Collected data entries:
*** Begin section ***

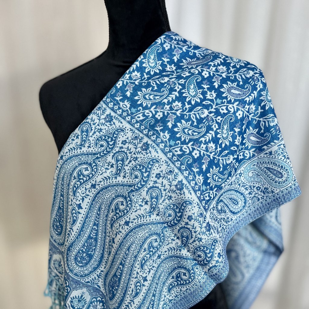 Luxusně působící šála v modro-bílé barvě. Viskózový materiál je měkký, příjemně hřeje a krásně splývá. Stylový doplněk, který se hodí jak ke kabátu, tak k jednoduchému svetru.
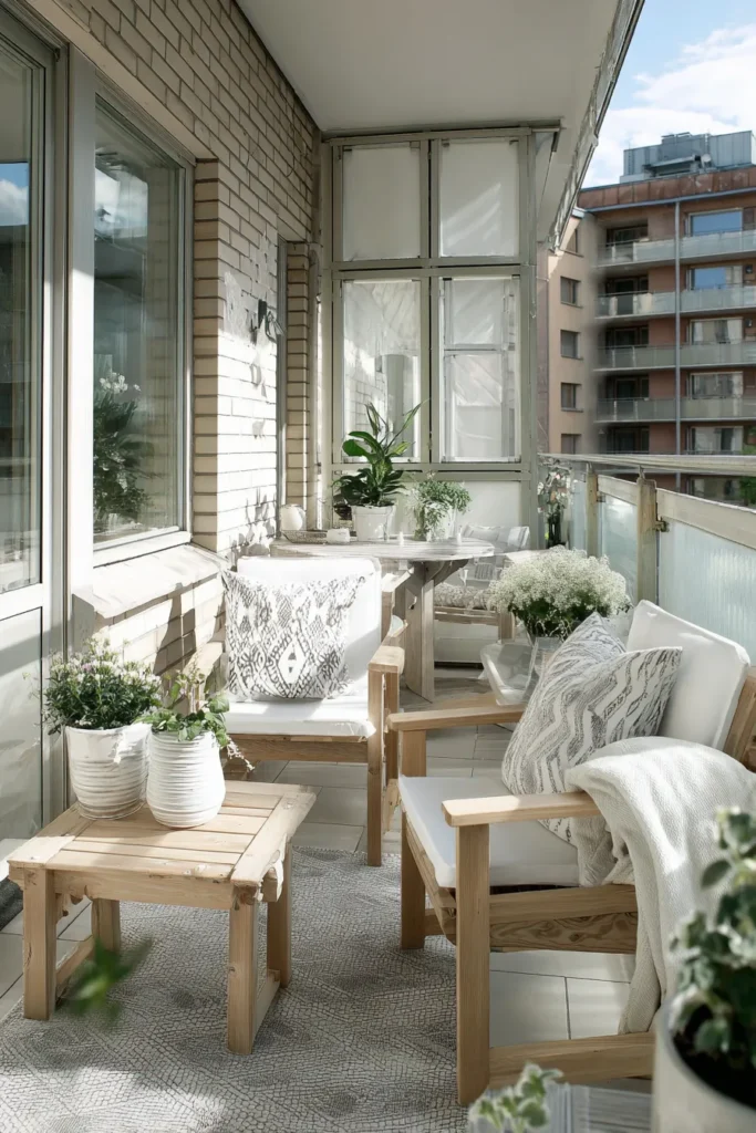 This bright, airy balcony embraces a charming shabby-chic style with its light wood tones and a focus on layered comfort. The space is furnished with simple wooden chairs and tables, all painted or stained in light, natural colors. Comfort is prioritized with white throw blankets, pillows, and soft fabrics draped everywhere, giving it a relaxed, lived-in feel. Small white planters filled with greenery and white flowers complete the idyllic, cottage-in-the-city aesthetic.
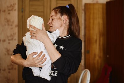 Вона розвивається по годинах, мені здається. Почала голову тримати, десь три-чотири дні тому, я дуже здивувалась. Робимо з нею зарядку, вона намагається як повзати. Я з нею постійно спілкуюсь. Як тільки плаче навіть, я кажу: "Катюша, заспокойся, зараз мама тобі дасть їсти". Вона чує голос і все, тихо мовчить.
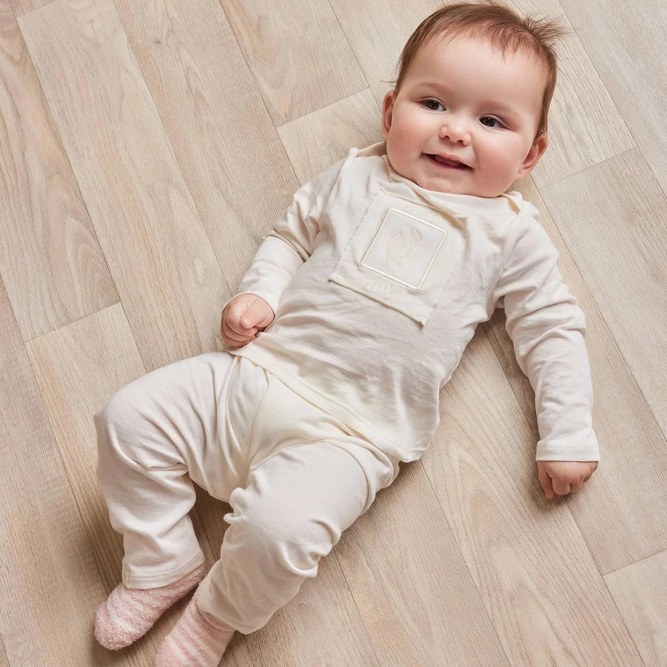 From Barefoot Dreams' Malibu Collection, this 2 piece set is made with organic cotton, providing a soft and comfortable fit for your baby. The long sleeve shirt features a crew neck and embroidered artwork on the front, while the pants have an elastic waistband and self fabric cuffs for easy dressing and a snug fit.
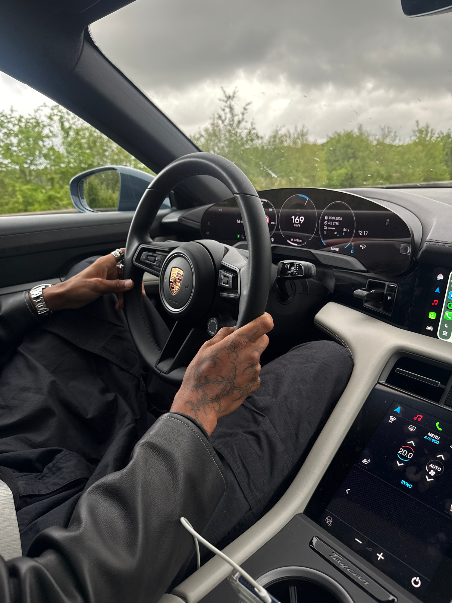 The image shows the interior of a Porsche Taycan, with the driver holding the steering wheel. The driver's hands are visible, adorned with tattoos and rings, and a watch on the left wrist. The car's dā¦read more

*** End section ***

Work to be completed:
Starting with the first line of the data, transcribe every line exactly through the one containing "This bright, airy". No pictures go in.

Task response:
 Luxusně působící šála v modro-bílé barvě. Viskózový materiál je měkký, příjemně hřeje a krásně splývá. Stylový doplněk, který se hodí jak ke kabátu, tak k jednoduchému svetru.
 This bright, airy balcony embraces a charming shabby-chic style with its light wood tones and a focus on layered comfort. The space is furnished with simple wooden chairs and tables, all painted or stained in light, natural colors. Comfort is prioritized with white throw blankets, pillows, and soft fabrics draped everywhere, giving it a relaxed, lived-in feel. Small white planters filled with greenery and white flowers complete the idyllic, cottage-in-the-city aesthetic.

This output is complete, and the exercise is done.